The common data elements for predictive maintenance problems can be summarized as follows:
It is possible that failure history is contained within maintenance history, either as in the form of special error codes or order dates for spare parts. In those cases, failures can be extracted from the maintenance data. Additionally, different business domains may have a variety of other data sources that influence failure patterns which are not listed here exhaustively. These should be identified by consulting the domain experts when building predictive models.
Some examples of above data elements from use cases are:
Machine conditions and usage: Flight routes and times, sensor data collected from aircraft engines, sensor readings from ATM transactions, train events data, sensor readings from wind turbines, elevators and connected cars.
Machine features: Circuit breaker technical specifications such as voltage levels, geolocation or car features such as make, model, engine size, tire types, production facility etc.
Failure history: fight delay dates, aircraft component failure dates and types, ATM cash withdrawal transaction failures, train/elevator door failures, brake disk replacement order dates, wind turbine failure dates and circuit breaker command failures.

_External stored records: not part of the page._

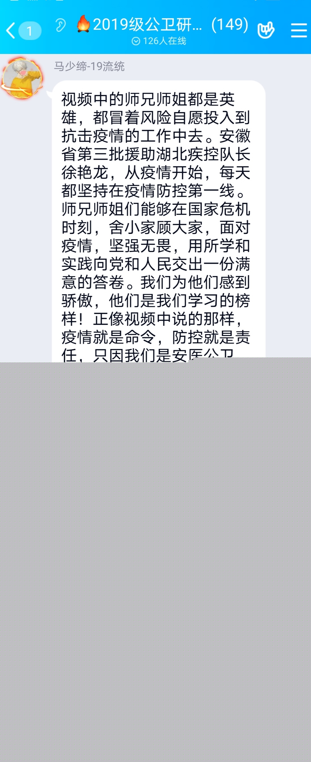 5月14日,该院组织全体研究生线上开展主题为“疫情防控,公卫担当”的“云班会”,观看学院精心制作的关于公卫校友疫情防控的事迹视频,以身边人讲述身边事,激励学子提升专业责任感和使命感。视频中,十几位公卫校友从疫情防控一线寄来句句叮嘱,鼓励在校学生努力夯实专业知识,培养专业技能,为今后投身公共卫生事业打下坚实基础。同学们云端讨论热烈,思想引领入脑入心。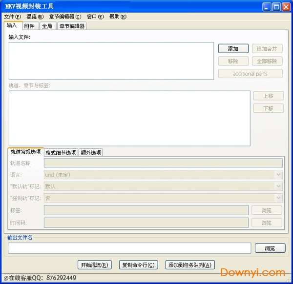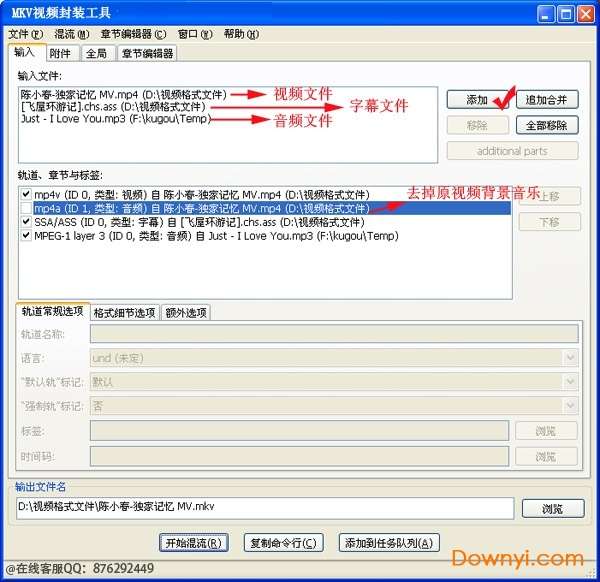 4、附件包括了附加文件列表、附件、输出文件名、开始混流等;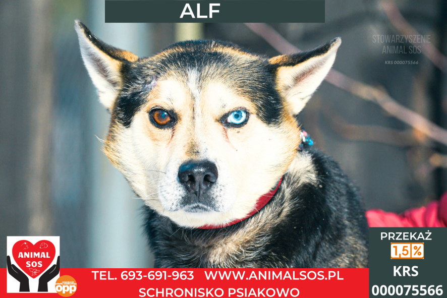 Alf to około 7-letni, niezwykle łagodny i przyjazny pies, ważący około 15 kg. To taki psiak, przy którym od razu robi się spokojniej – delikatny, kontaktowy, bardzo „fajny” w codziennym obyciu.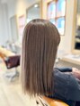 ベージュベースに青よりのバイオレットをいれて夏でも暑苦しくない赤みのあるカラーに仕上げましたスタイルは肩に当たるくらいの長さで自然に外にはねるようにしました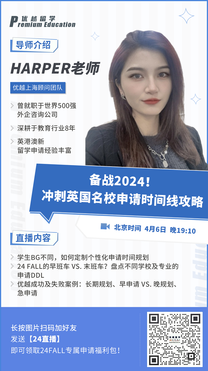 4月6日晚19:10,鎖定英國(guó)優(yōu)越留學(xué)視頻號(hào),蹲守直播間,來自優(yōu)越上海團(tuán)隊(duì)的Harper老師將為24Fall們分享超全的申請(qǐng)指南和時(shí)間線規(guī)劃!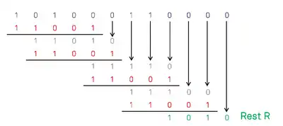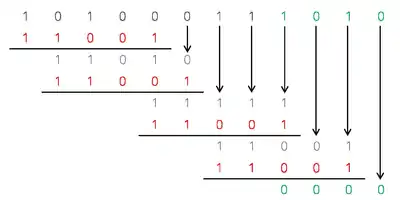 يتم إضافة عدد معين من الأصفار على الكود المرسل عددها نفس عدد كثيرة الحدود للبت المساعدة.بعدها عن طريق باقي القسمة على 2 مع CRC أو (mod 2)، يتم إضافة الباقي (Rest) في الكود المرسل ويتم ارسالها إلى المستقبل. في المستقبل يتم من خلال قسمة الكود المرسل على الكود CRC معرفة إذا ما كان هناك خلل بالأرسال أم لا، واذا كان باقي القسمة صفر فهذا يدل ان الكود المرسل لم يحصل به اخطاء.

Maintenance history: Flight error logs, ATM transaction error logs, train maintenance records including maintenance type, short description etc. and circuit breaker maintenance records.
Given the above data sources, the two main data types we observe in predictive maintenance domain are temporal data and static data. Failure history, machine conditions, repair history, usage history are time series indicated by the timestamp of data collection. Machine and operator specific features, are more static, since they usually describe the technical specifications of machines or operator’s properties.
For this scenario, we use a relatively large-scale data to walk the user through the main steps from data ingestion (this Jupyter notebook), feature engineering, model building, and model operationalization and deployment. The code for the entire process is written in PySpark and implemented using Jupyter notebooks within Azure ML Workbench. The selected model is operationalized using Azure Machine Learning Model Management for use in a production environment simulating making realtime failure predictions.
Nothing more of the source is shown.